Novak Became Fair Game After He Broke His Silence on Plame

Jay Rosen at PressThink has a good analysis of the imbroglio that led to the on-air meltdown of rightwing propagandist Bob Novak earlier this week.

Rosen points out that in the two years since he published the name of CIA spy Valerie Plame, Novak had maintained a strict policy of not commenting on the case – until last Monday when Novak broke his silence – in his own column – to deny assertions by Bob Harlow, a former CIA official, who said he warned Novak not to publish Plame’s name in his July 2003 column. Novak complained in his column on Monday that the CIA official had not warned him enough. (He should have said, “Bob, Plame’s identity is extra-super-secret,” we suppose.)

Here’s Rosen’s reasoning:

Novak, in order to counter the suggestion that he had been properly warned but went ahead anyway — which he said would be “inexcusable for any journalist and particularly a veteran of 48 years in Washington” — decided to take up his pen. Ladies and gentlemen, he said, people have got to know whether their columnist is a crook. Or a jerk. Or a tool. Did I go ahead with the name of a CIA covert operative despite being warned? No, I did not.

Old Novak rules: sorry fellas, can’t talk. New rules: Novak chooses when. When to take the Fifth on advice of counsel, when to ignore counsel and respond to the news with his own explanations of what happened to reveal Plame’s name.
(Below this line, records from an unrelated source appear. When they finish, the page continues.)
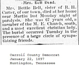 Carroll County Democrat 1897 Newspaper Clippings, Surnames A-B Carroll County, TNGenWeb Images may not display in alphabetical order. Use the Back and Next buttons below the image window to navigate. Betty Bell Image 19 of 45 Carroll County Democrat January 22, 1897 - Huntingdon-Tennessee
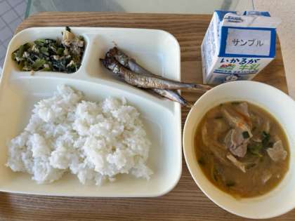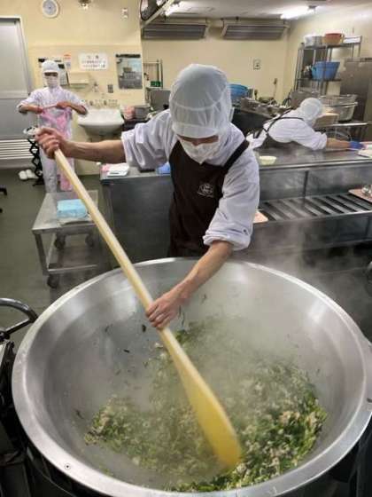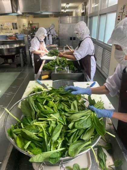 今日の献立のこまつなのいためものは、ささみ(油漬け)、こまつな、まいたけを使用しています。こまつなは汚れがなくなるまで何度も洗ってから使用します。切る時も一枚一枚確認をしながら切っています。砂糖としょうゆであじつけをしていて、とても食べやすくおいしい一品でした。
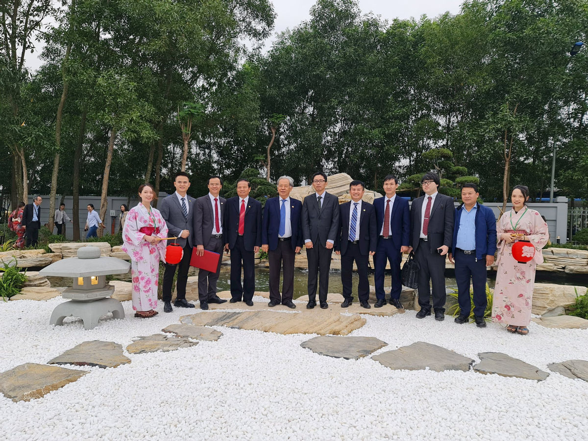 Các đại biểu chụp ảnh lưu niệm tại khu vườn Nhật Kyo-sei-no-niwa. - Ảnh: Báo Tài nguyên môi trường. |
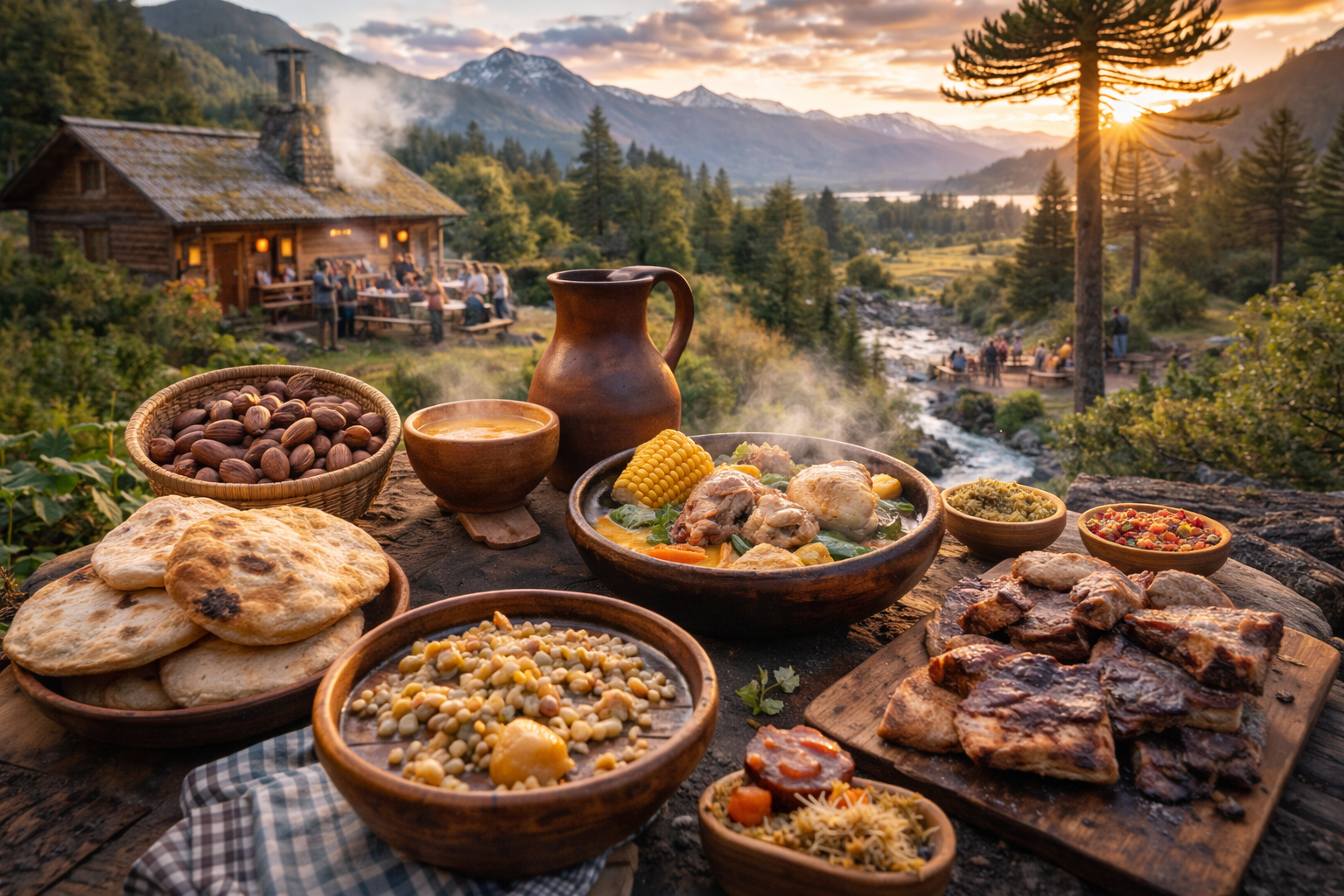 Viajar al Alto Biobío no solo es una experiencia visual, sino también culinaria. La gastronomía de la zona refleja la riqueza cultural del territorio y la tradición del pueblo pehuenche.
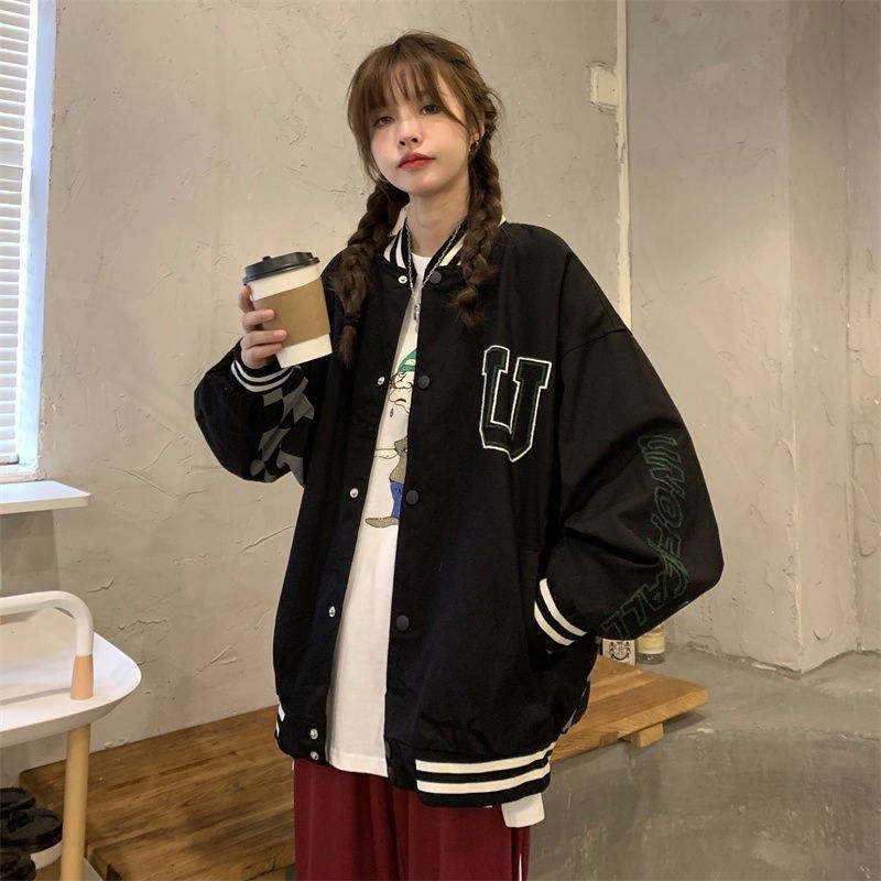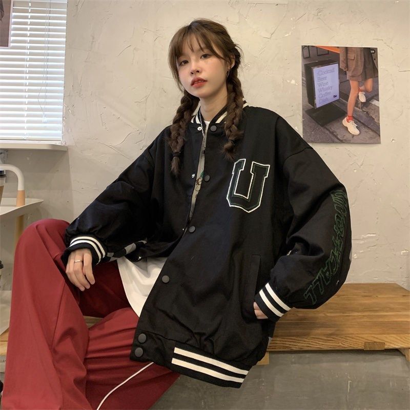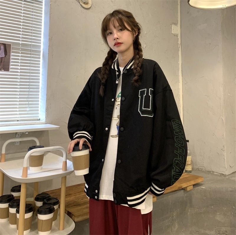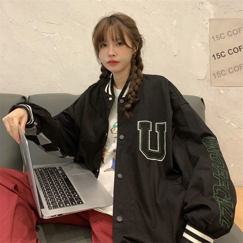 코트 여자의 봄과 가을 2023 새로운 한국 캐주얼 느슨한 빈티지 야구 세트 가을 재킷 트렌디 탑스토어 가기
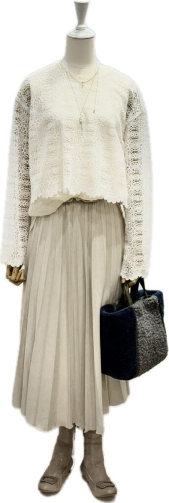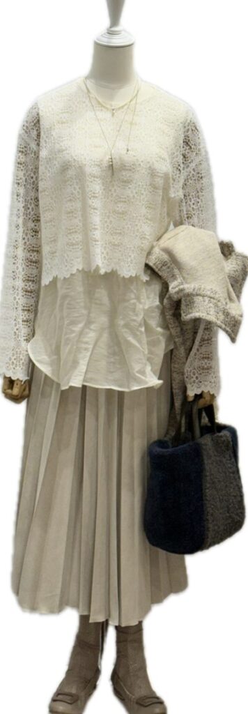 柔らかい白 ほんのり透けるレースとチュールのドッキング
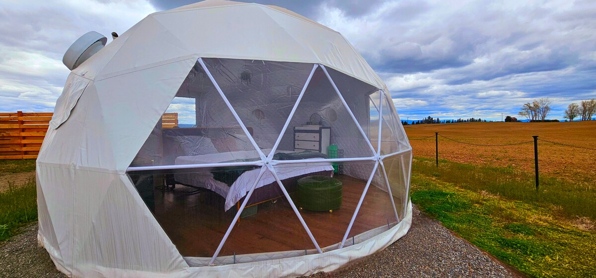 Enjoy a stay in the 16ft dome with exquisite views of Mt. Spokane and coveted Green Bluff scenery. Superb sunrise/sunset observing. Accommodations include a comfy king bed, wifi, bedding, outdoor shower, porta-potty, hand wash station, coffee and hot tea station, solar powered battery pack for charging devices, games, yoga mat, etc. Partake of all the local farms, wineries, breweries, and farm activities around you! Close to all local wedding venues. Sorry no pets or children under 12.
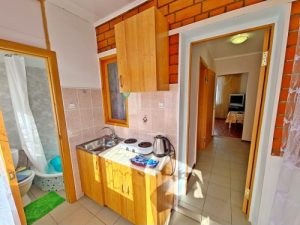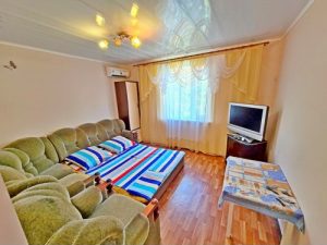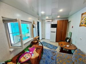 Водник № 9: 13-я дорожка, 50 м от пляжа, двухкомнатный 3-х и 4-х местные номера на 2-м этаже с балконом. В первой комнате: двухместный диван, холодильник, вентилятор, гладильная доска, утюг. Во второй комнате: угловой диван, раскладное кресло, стол, шкаф, кондиционер, телевизор. На кухне необходимая мебель, электроплита, чайник, посуда. Совмещенный санузел: душевая кабина, раковина, зеркало, унитаз. Санузел по площади маленький. На балконе сушилка для белья.

This, I believe, is the real cause of Thursday’s break down of professional discipline on air. The legitimacy of Novak’s exemption from questioning had collapsed earlier in the week. Ed Henry knew it and was ready with that news. Novak was not ready to receive it. So he invented an out.

One comment

  • August 7, 2005 - 6:31 am | Permalink

    Rosen’s theory looks pretty good. Add that with the fact that Novak is completely deranged.